Recent Research: Quantitative Methods for Policy Research

Facilitation of Research Networks and Best Practices

Charles F. Manski
On November 17, IPR economist Charles F. Manski
lectured at the National Academy of Sciences on
uncertainty in policy analysis and scientific research.

Gun Laws and Crime Rates
How do right-to-carry laws in the United States affect crime rates? Though gun laws have become a source of heated public debate in the wake of mass shootings, little is known about whether such laws deter crime or lead to more of it. Looking at right-to-carry (RTC) gun laws, which allow individuals to carry concealed handguns, IPR economist Charles F. Manski and John Pepper of the University of Virginia find no academic consensus on their effects: Despite dozens of studies using the same datasets, researchers have arrived at very different conclusions. In the Review of Economics and Statistics, Manski and Pepper highlight the role of varying assumptions used in such analyses and explain the importance of discussing how these assumptions affect statistical results. Manski and Pepper conducted their own original analysis of how RTC laws affected crime in Virginia, Maryland, and Illinois, finding the effects vary. Under some assumptions, RTC laws appear to have no effect on crime rates. Under others, RTC laws seem to increase rates for certain crimes, decrease them for some crimes, and have varying effects for others. While the results provide no easy answer, they highlight why researchers using the same data can arrive at such vastly different results and how different assumptions shape findings. Manski is the Board of Trustees Professor in Economics.
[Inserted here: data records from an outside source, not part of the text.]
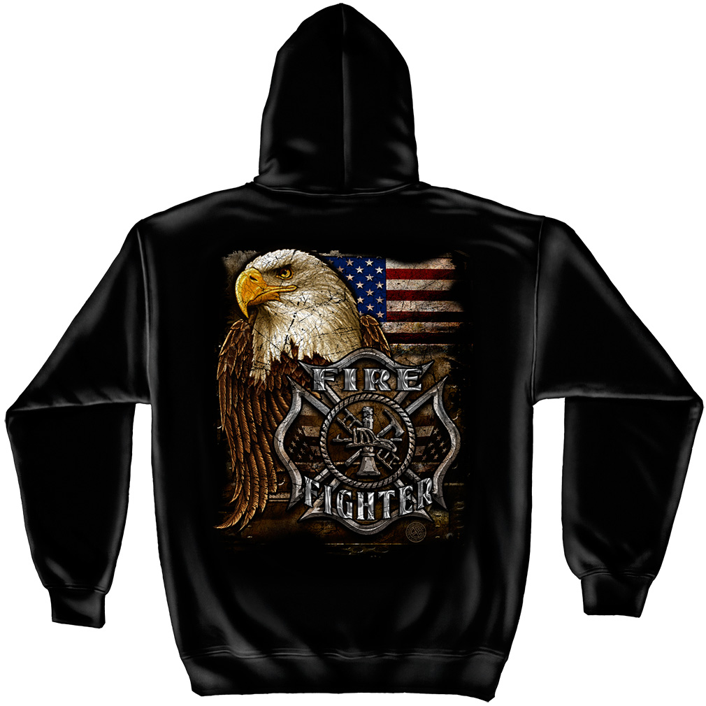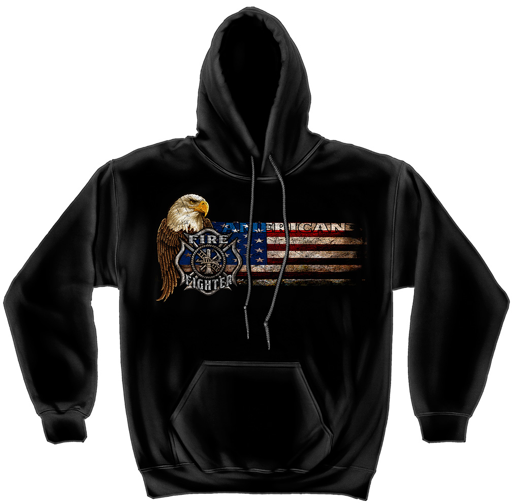 FIREFIGHTER EAGLE AND FLAG HOODED SWEATSHIRT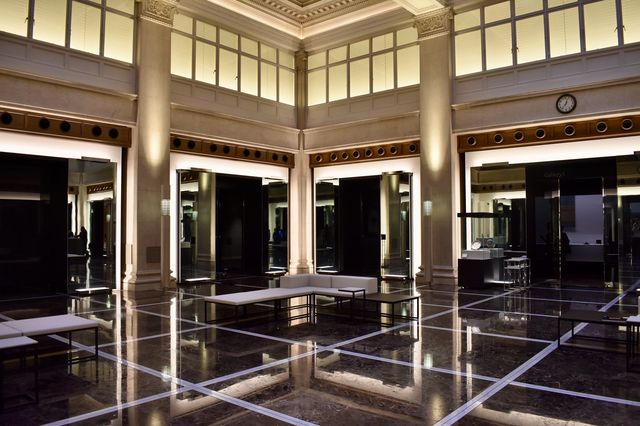 館内は天井から自然光が差し込むホワイエ(広場)を囲むように 4つの展示室が配された造り。展示室内に竣工当時のエレベーターが残されているなど、美術品だけでなく空間自体も見ごたえがある。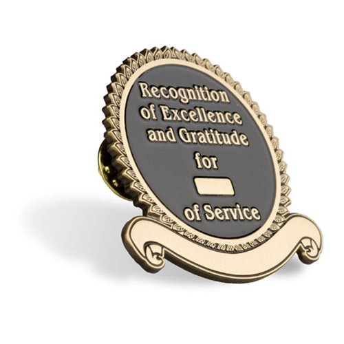 This 1.75" uniquely shaped antique brass lapel pin reads "Recognition of Excellence and Gratitude for __(years)__ of Service" highlighted on a black background, and is flanked by a pleated ribbon border. It comes complete with two butterfly clutch backings. This pin is perfect for recognizing years of service!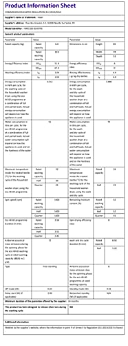 - This washer dryer, using the washing cycle only, is in A class. In compliance with the New Energy Label and comparing with the G class, reduces consumption by up to 51%, saving energy, money and protecting the environment.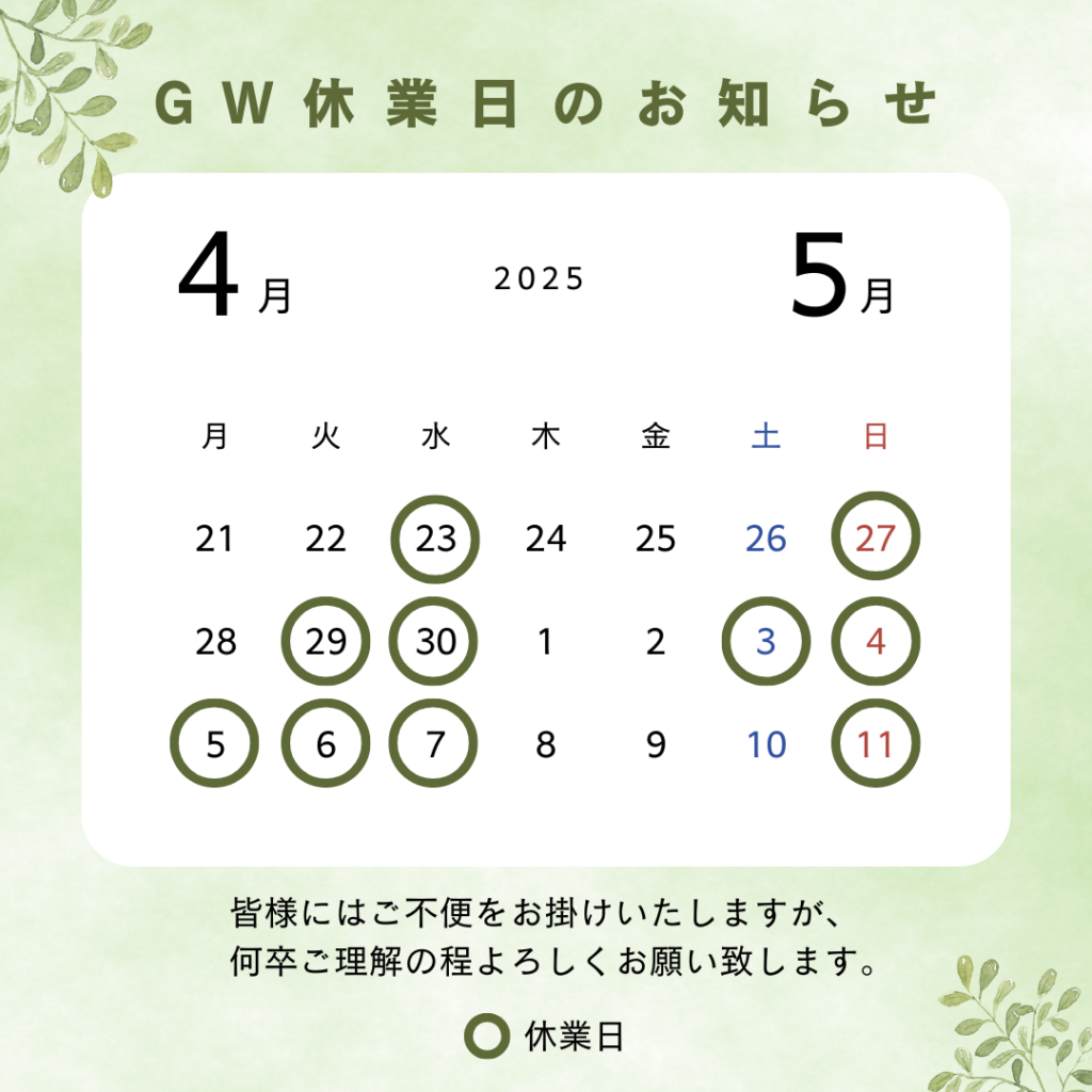 【G.W休業期間のお知らせ】

Measuring Probabilistic Expectations
Prior to the 1990s, economists largely shied away from trying to collect data on individuals’ expectations. Instead they either tried to infer expectations from choice behavior or assumed that people hold particular expectations. More recently, economists have set out to measure individuals’ probabilistic expectations for uncertain events, adding to a growing body of evidence on the expectations held by large populations. In an IPR working paper, Manski outlines the history of how economists came to measure probabilistic expectations, moving from reliance on assumptions to actual data measurement. He turns to applications of empirical expectations data for three types of macroeconomic events: expectations for stock (equity) returns, expectations for inflation, and professional forecasts by macroeconomists. In original research that captured Americans’ expectations for their equity returns in the coming year in probabilistic terms, Manski found that empirical data on stock performance expectations differed starkly from traditional surveys that classified respondents as feeling more bullish or bearish about the stock market. Going one step further, Manski discusses how equity expectations data might provide insight into portfolio decisions. The research highlights how measuring, rather than assuming, expectations can better inform studies of expectations formation in macroeconomic policy analysis. While he applauds economists’ willingness to study the topic, Manski also outlines his concerns over a lack of empirical research and the potential proliferation of models in that void.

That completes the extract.